Given entries Block Start

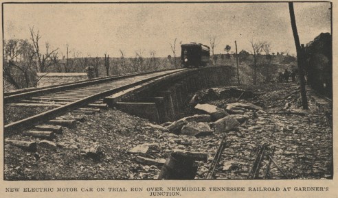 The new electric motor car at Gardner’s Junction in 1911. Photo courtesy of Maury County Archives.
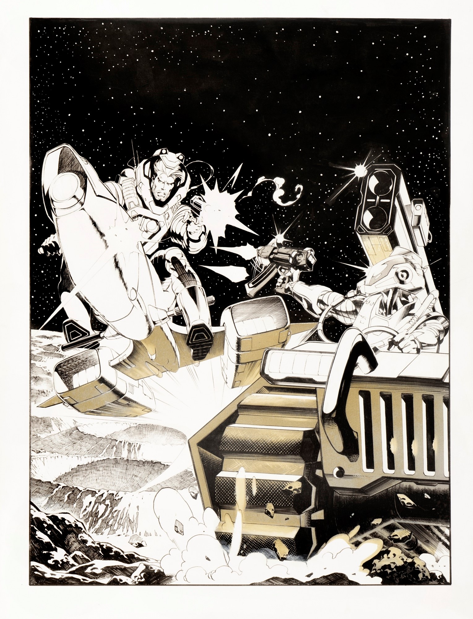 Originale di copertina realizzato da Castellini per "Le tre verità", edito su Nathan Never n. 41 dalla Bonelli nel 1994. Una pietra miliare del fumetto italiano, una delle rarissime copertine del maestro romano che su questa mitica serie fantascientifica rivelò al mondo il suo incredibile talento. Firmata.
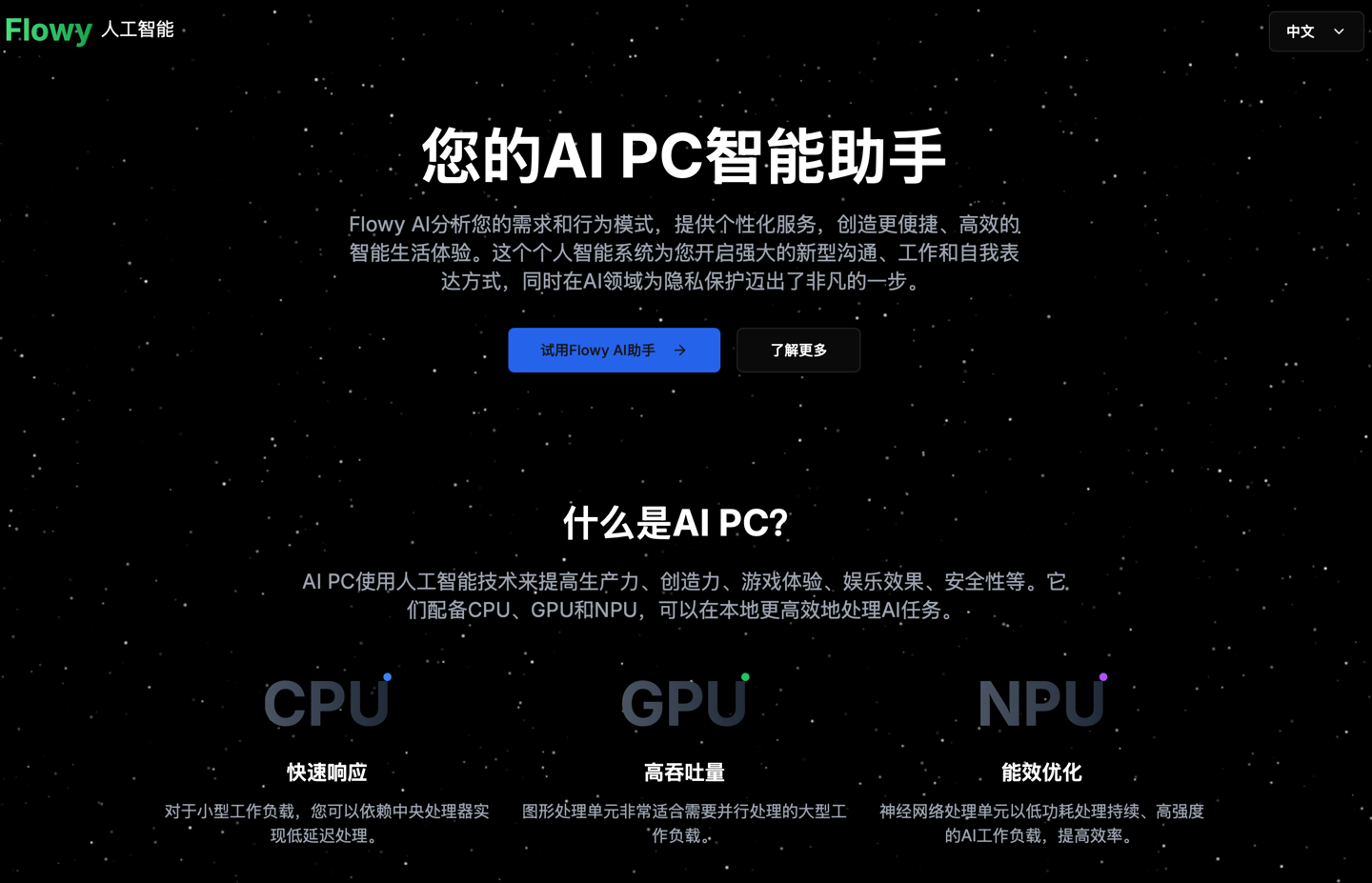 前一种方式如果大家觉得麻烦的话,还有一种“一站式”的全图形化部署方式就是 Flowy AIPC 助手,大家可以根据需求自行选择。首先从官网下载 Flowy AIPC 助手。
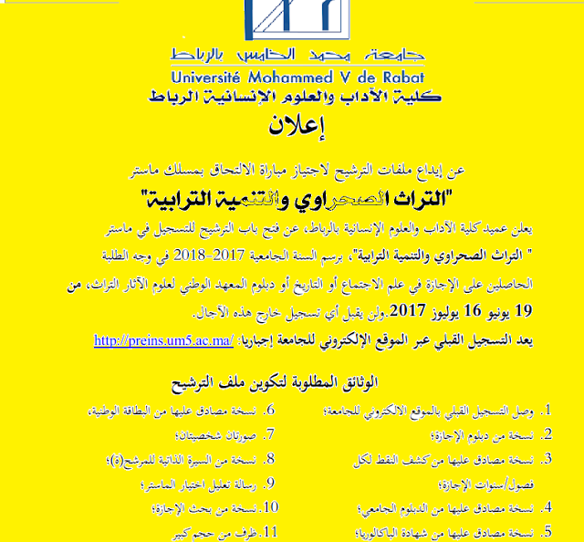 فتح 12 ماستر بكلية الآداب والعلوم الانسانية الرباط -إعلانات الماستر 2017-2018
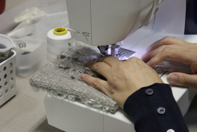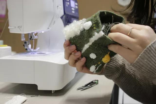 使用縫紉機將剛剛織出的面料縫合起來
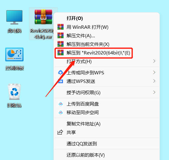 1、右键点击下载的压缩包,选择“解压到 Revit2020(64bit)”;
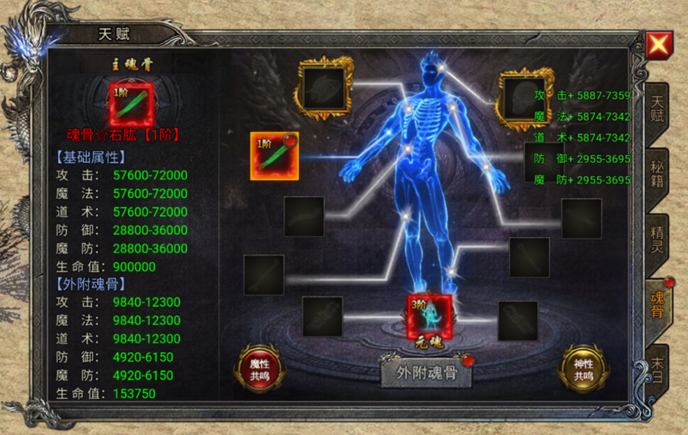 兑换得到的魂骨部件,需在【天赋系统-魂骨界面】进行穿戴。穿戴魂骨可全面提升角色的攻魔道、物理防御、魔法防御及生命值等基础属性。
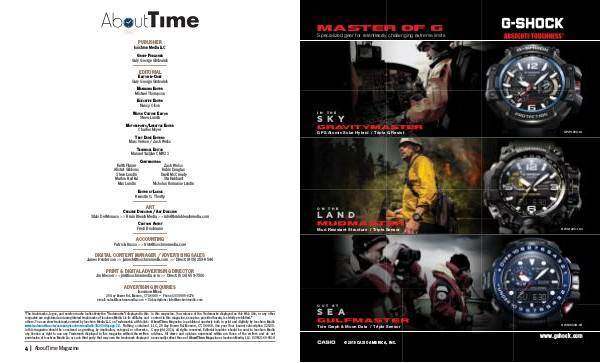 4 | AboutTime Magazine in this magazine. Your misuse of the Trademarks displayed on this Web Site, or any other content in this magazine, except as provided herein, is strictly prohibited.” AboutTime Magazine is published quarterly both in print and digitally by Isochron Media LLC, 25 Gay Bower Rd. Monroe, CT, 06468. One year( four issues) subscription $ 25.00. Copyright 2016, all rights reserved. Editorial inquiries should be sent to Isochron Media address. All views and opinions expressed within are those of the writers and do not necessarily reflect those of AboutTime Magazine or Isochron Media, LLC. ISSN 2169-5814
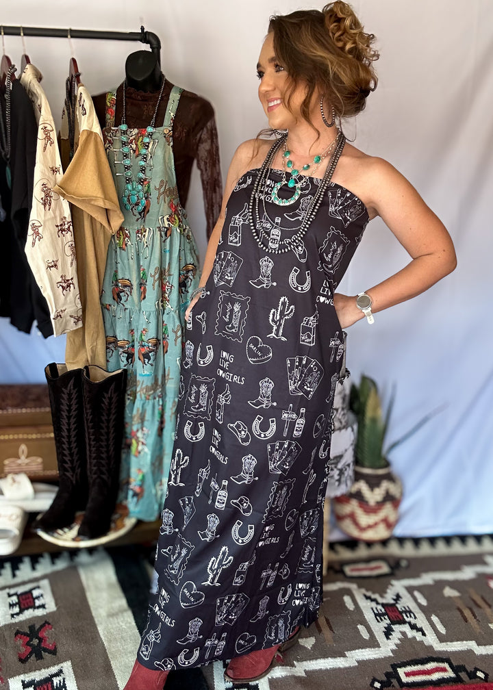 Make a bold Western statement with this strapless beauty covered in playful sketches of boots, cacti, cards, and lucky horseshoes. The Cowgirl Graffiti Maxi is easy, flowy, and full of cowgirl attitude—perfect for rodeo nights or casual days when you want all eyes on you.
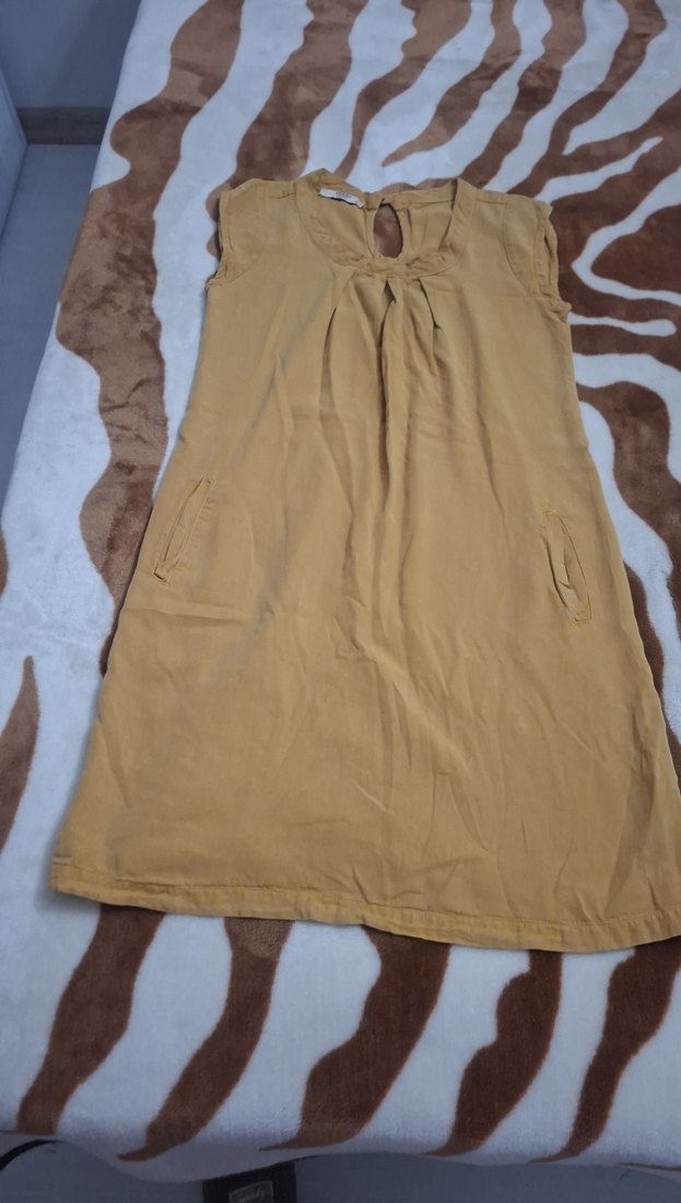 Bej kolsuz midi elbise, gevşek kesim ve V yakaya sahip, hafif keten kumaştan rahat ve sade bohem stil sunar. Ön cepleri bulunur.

Given entries Block End

▶ Problem description: Go through the material above and repeat it exactly. Omit the pictures.

▶ Response box:
 The new electric motor car at Gardner’s Junction in 1911. Photo courtesy of Maury County Archives.
 Originale di copertina realizzato da Castellini per "Le tre verità", edito su Nathan Never n. 41 dalla Bonelli nel 1994. Una pietra miliare del fumetto italiano, una delle rarissime copertine del maestro romano che su questa mitica serie fantascientifica rivelò al mondo il suo incredibile talento. Firmata.
 前一种方式如果大家觉得麻烦的话,还有一种“一站式”的全图形化部署方式就是 Flowy AIPC 助手,大家可以根据需求自行选择。首先从官网下载 Flowy AIPC 助手。
 فتح 12 ماستر بكلية الآداب والعلوم الانسانية الرباط -إعلانات الماستر 2017-2018
 使用縫紉機將剛剛織出的面料縫合起來
 1、右键点击下载的压缩包,选择“解压到 Revit2020(64bit)”;
 兑换得到的魂骨部件,需在【天赋系统-魂骨界面】进行穿戴。穿戴魂骨可全面提升角色的攻魔道、物理防御、魔法防御及生命值等基础属性。
 4 | AboutTime Magazine in this magazine. Your misuse of the Trademarks displayed on this Web Site, or any other content in this magazine, except as provided herein, is strictly prohibited.” AboutTime Magazine is published quarterly both in print and digitally by Isochron Media LLC, 25 Gay Bower Rd. Monroe, CT, 06468. One year( four issues) subscription $ 25.00. Copyright 2016, all rights reserved. Editorial inquiries should be sent to Isochron Media address. All views and opinions expressed within are those of the writers and do not necessarily reflect those of AboutTime Magazine or Isochron Media, LLC. ISSN 2169-5814
 Make a bold Western statement with this strapless beauty covered in playful sketches of boots, cacti, cards, and lucky horseshoes. The Cowgirl Graffiti Maxi is easy, flowy, and full of cowgirl attitude—perfect for rodeo nights or casual days when you want all eyes on you.
 Bej kolsuz midi elbise, gevşek kesim ve V yakaya sahip, hafif keten kumaştan rahat ve sade bohem stil sunar. Ön cepleri bulunur.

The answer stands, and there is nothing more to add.